The dioctyl phthalate, isooctyl epoxystearate and phosphite are mixed together and then blended with the polyvinyl chloride. The mixture is heated on a two-roll mixing mill up to 177 ° C. and then removed as a skin. Samples are then _{heated in an oven at 177 ° C. for 3V for 2} hours in order to test the heat resistance. The discoloration is checked at intervals of 15 to 30 minutes; the results are given in Table TV.

Table IV

A. B. C. D. colorless Heating time Triphenyl phosphite Isooctyl diphenyl phosphite yellow (Minutes) (Comparison) (Comparison) Phosphite produced according to the invention, see below Amber color Initially colorless colorless colorless orange 15th yellow yellow yellow orange 60 Orange brown Deep orange orange orange 90 Red-brown Orange brown Deep orange orange 120 Red-brown Red-brown Deep orange orange 135 Dark brown Dark brown '' Deep orange Red-brown 150 - - Deep orange 180 - - Deep orange 210 - - Red-brown

Phosphite C = di- (2-ethylhexyl) -2,2'-methylene-bis- [4-methyl-6- (l'-methylcyclohexyl) phenol] phosphite (Example 3).
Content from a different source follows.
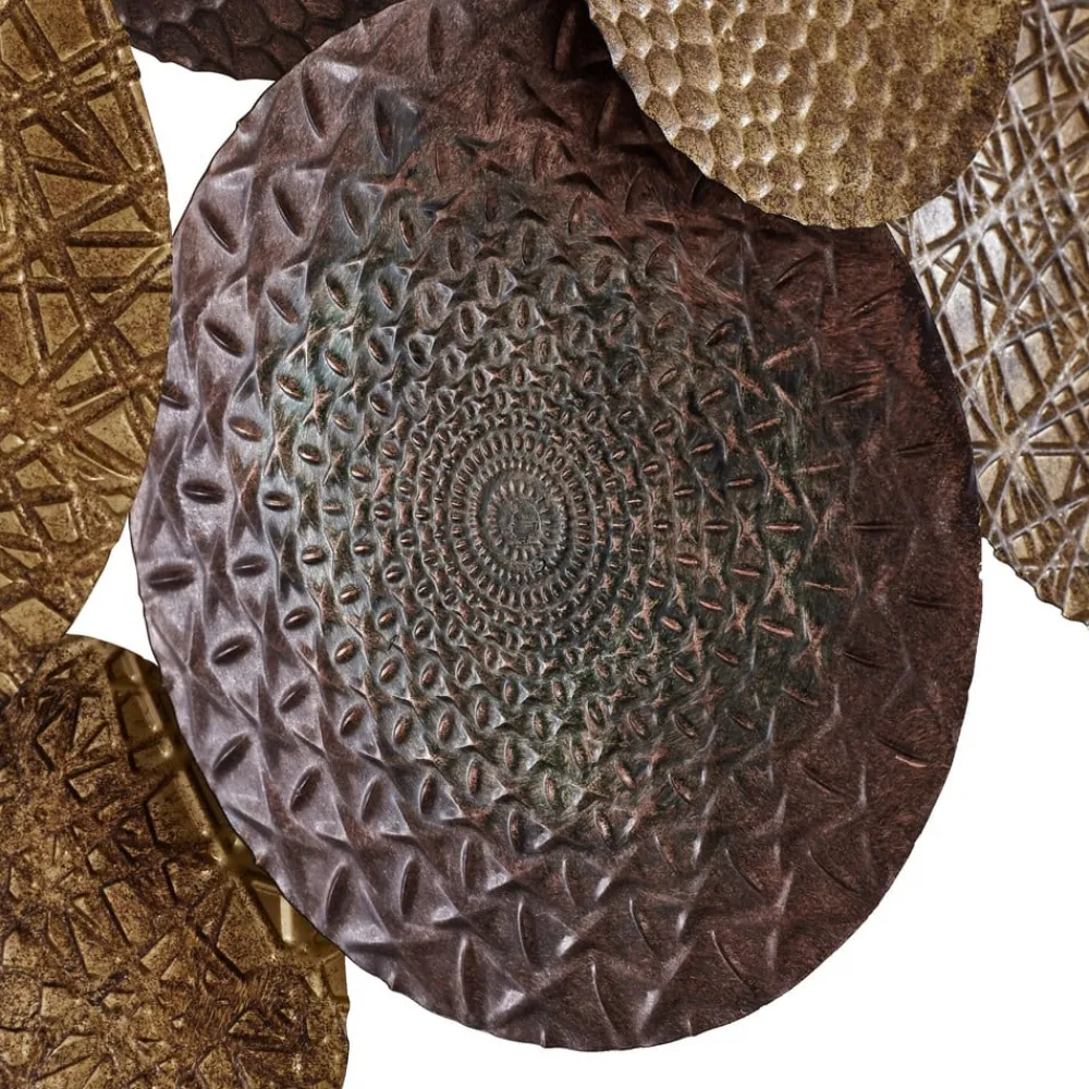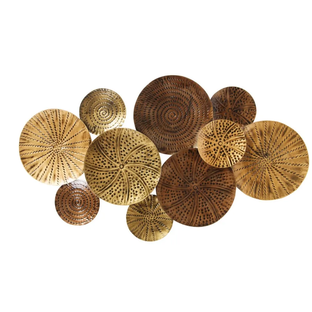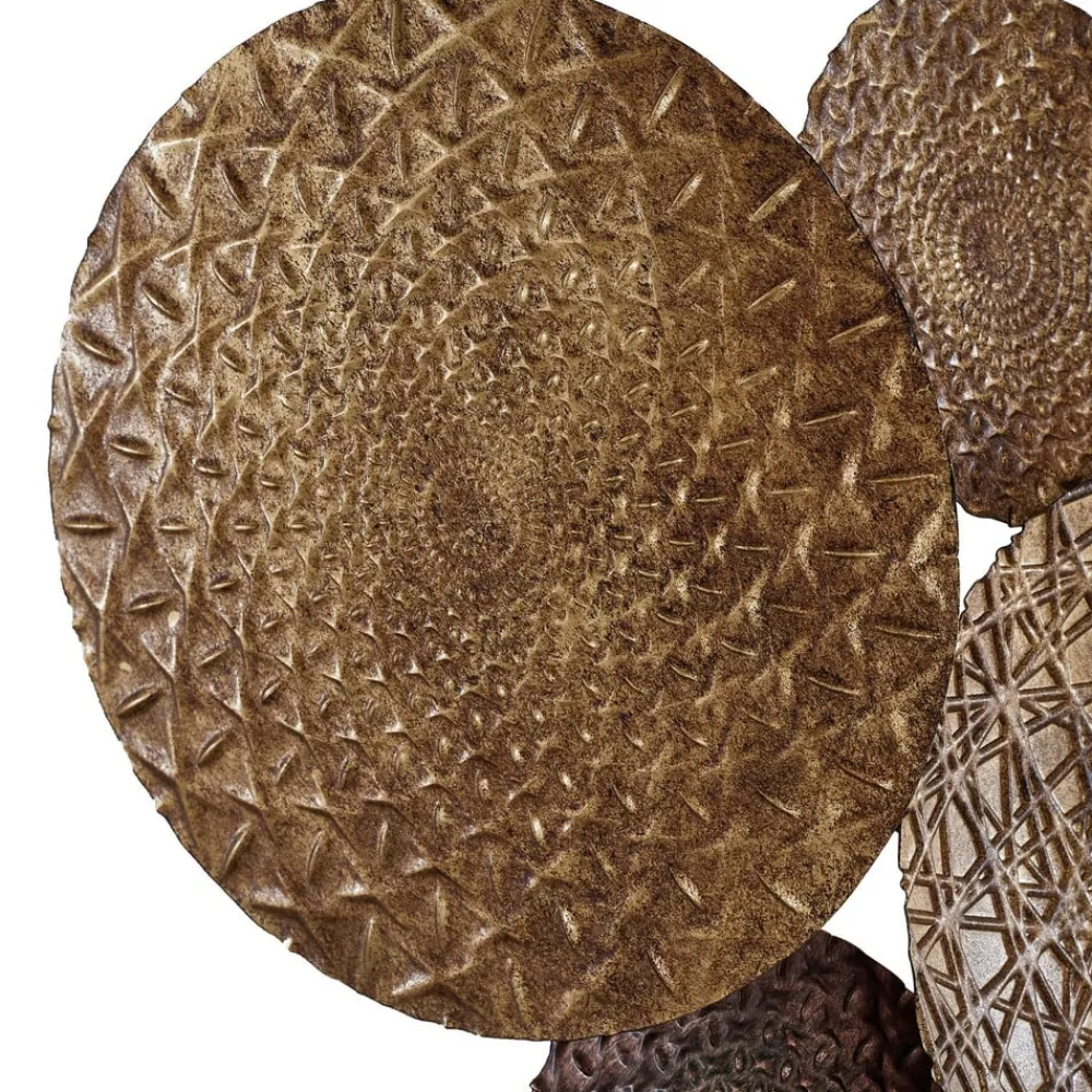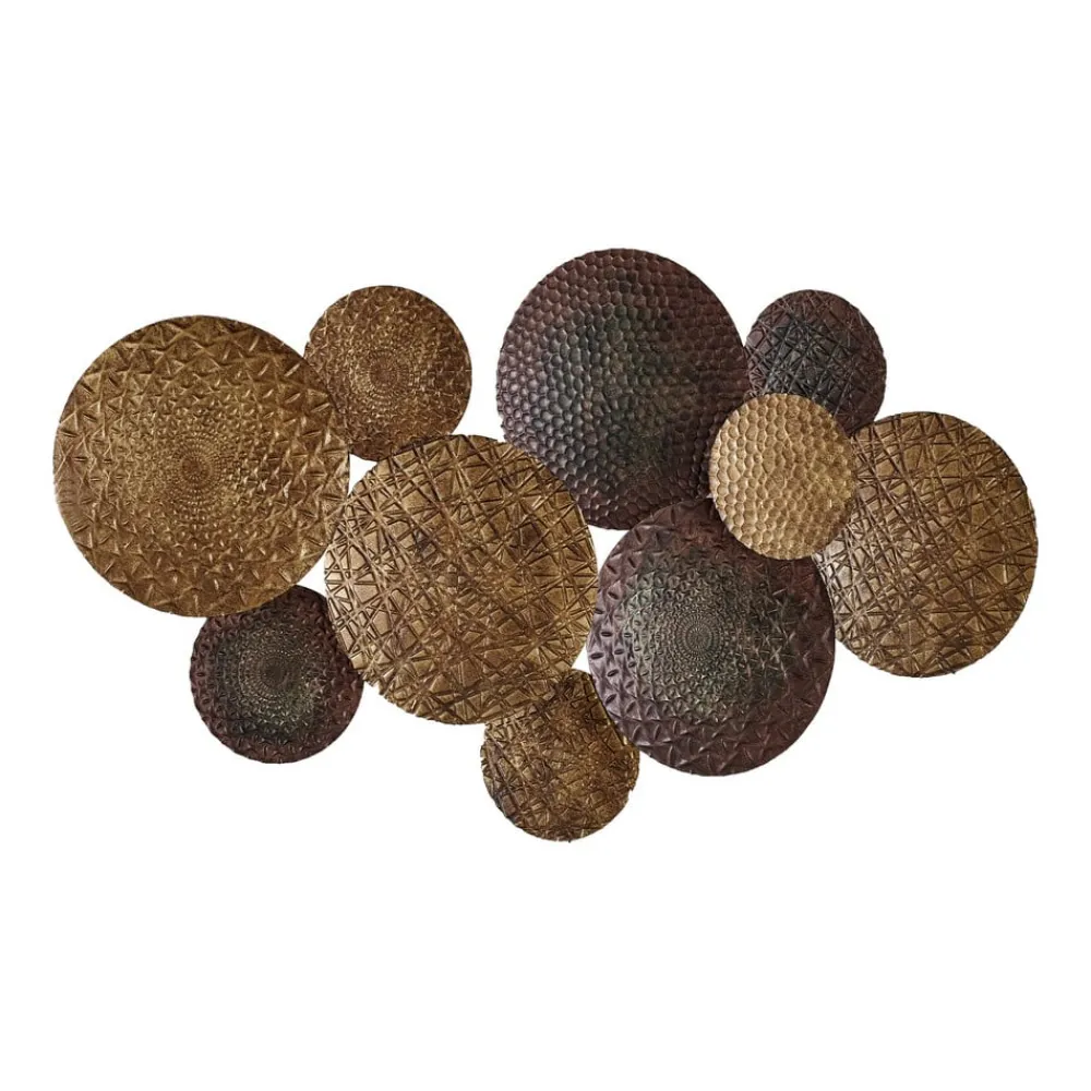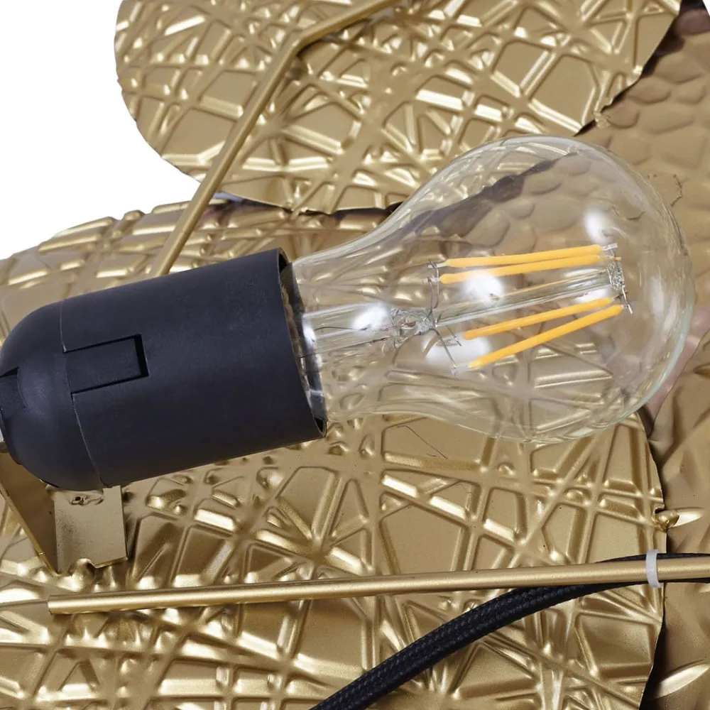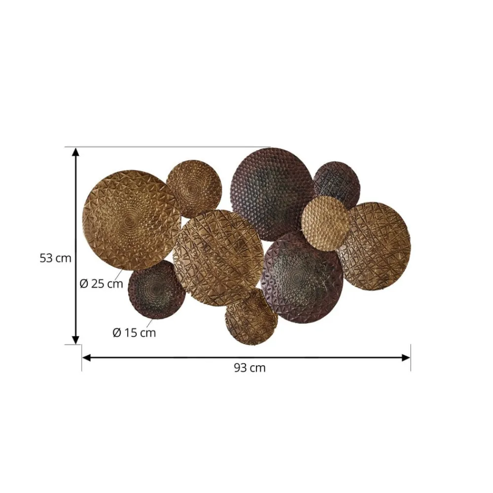 Orientalsk inspirert Soraya vegglampe med runde skjermer Denne vegglampen er designet i orientalsk stil og er laget av robust jern. De gull- og kobberfargede elementene gir den et elegant preg. De er runde i formen, varierer i størrelse og er dekorert med ulike mønstre, noe som gjør dem til et unikt blikkfang i ethvert rom. Soraya vegglampe er ikke bare et dekorativt element, men også en lyskilde som skaper en hyggelig atmosfære. Dette oppnås ved hjelp av de to skjulte pærene som sitter bak de runde elementene, og som skaper indirekte lys hele veien rundt.

Phosphite D = diisooctyl-2,2'-bis (p-hydroxyphenyl) propane phosphite (Example 1).

The phosphites used as comparison compounds are produced as follows:

Triphenyl phosphite is made by reacting 3 moles of phenol with 1 mole of PCl ₃ according to the following reaction scheme

OH + PCl ₃

3 HCl + P

manufactured. 3 moles of HCl and 1 mole of triphenyl phosphite are formed.

Isooctyl diphenyl phosphite is made by reacting 1 mole of the triphenyl phosphite with 1 mole of isooctanol prepared in the presence of NaOH as a catalyst according to the following reaction scheme:

NaOH

iso-C _q H ₁₇ O-P-O

OH

The results summarized in Table I test results indicate that the phosphites of the invention contain, in addition to the Phosphitkern free phenol groups, superior durability and better color after heating _{for 2} hours 3V yield at 177 ° C. The fact that the stabilizers give better long-term heat resistance over a period of time as long as 3Y ₂ hours is very remarkable.

Attempt B

A number of resin masses of the following composition are produced:

■ «·« - * £ each Vinyl chloride homopolymer ....... 100

Tri- (2-ethylhexyl) phosphate .... 40

Epoxy soy 5

Zinc stearate ... 0.1

Phosphite according to Table VI 3

The tri- (2-ethylhexyl) phosphate, the epoxy soybean oil, the zinc stearate and the phosphite are mixed with each other and then the mixture with the polyvinyl chloride. The mixture is made on a two-roll mixer mill heated up to 177 ° C when

The fur was removed and, in the form of samples, ^{heated in an oven at 177 °} C. for 2 hours to test the heat resistance. The discoloration observed at 15 minute intervals is given in the table below.

Table V

E. F. io heating time Triphenyl phosphite
(Comparison) according to the invention
manufactured phosphite
(see below) (Minutes) Initially colorless colorless 15 15 Dark red yellow 30th Dark red Amber color Brown 45 Amber color ⁶⁰ Amber color 75 Amber color 90 orange 105 orange 120 Orange brown

Phosphite F = diisooctyl-2,2'-bis (p-hydroxyphenyl) propane phosphite (Example 1).

The above results show that the phosphites prepared according to the invention, in addition contain free phenolic groups to the phosphite core, a superior long-term resistance and a give better color after heating at 177 ° C for 2 hours. These results "are particularly excellent, because polyvinyl chloride resin compounds, the tri- (2-ethylhexyl) phosphate and other phosphate plasticizers of this type are particularly difficult to stabilize.

Claims (1)

Claim: Process for the production of organic phosphites containing at least one esterified phenol the general formula Ar -Y-Ar contain, in the Ar carbocyclic aromatic nuclei, especially benzene nuclei, which at least contain a free phenolic hydroxyl group, and Y an oxygen, alkylene, oxyalkylene, Sulfoalkylene or cyclohexylene bridge each with 1 to 5 carbon atoms per alkylene radical means, characterized by that one is a phenol of the general formula Ar -Y-Ar in which Ar and Y have the above meaning, in a manner known per se with an alkyl or Aryl phosphite transesterified.